Сталин изучал эту ораву довольно близко. Их деятельность проходила на его внимательных глазах. Он знал почти всё и обо всех. О нём же никто из них, по сути дела, ничего не знал. Да и не хотел знать!
Вскоре они спохватятся, но будет уже слишком поздно…
* * *Пули, выпущенные Каплан, были отравлены. Ленину казалось, что с тех пор недомогание его связано с ядом.
Свинец удалили, а неведомая стойкая отрава осталась и подтачивает организм. Никогда же не болел… да и не подошло ещё время немощей и болезней! Пятьдесят лет — разве это возраст для нормального мужчины?
Особенное беспокойство вызывала голова. Никогда он не испытывал таких острых головных болей. Прежде, до покушения, он был способен работать чуть ли не сутками. Небольшой отдых, короткий сон — и бодрость мозга восстанавливалась полностью. Теперь же после двух часов работы возникала боль в висках, наступала вялость, апатия, в глазах словно насыпали песку.
Кураре… Что-то индейское, из детских приключенческих книжек. Как его вымыть из организма, очиститься окончательно?

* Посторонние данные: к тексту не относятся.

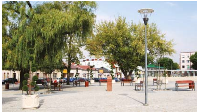
Kłobucki Rynek im. Jana Pawła II

Недавно он попросил коменданта поставить в кабинете диванчик, отгородить его ширмочкой. Слабость накатывала внезапно, совершенно опускались руки. Он выбирался из-за стола и валился на диванчик. Блаженством было забыться хотя бы на минуту. Он ощущал физически, как мозг, отключившись, словно очищался от разъедающего яда утомления, а, очистившись, вновь обретал прежнюю работоспособность.
Однако выпадали дни, когда отключаться не удавалось. И тогда он, сжимая лоб, принимался постанывать. Выходило это непроизвольно, и однажды он поймал себя на этом. А если услышат? С тех пор он стал следить за собой, как бы присматривать за самим собой со стороны.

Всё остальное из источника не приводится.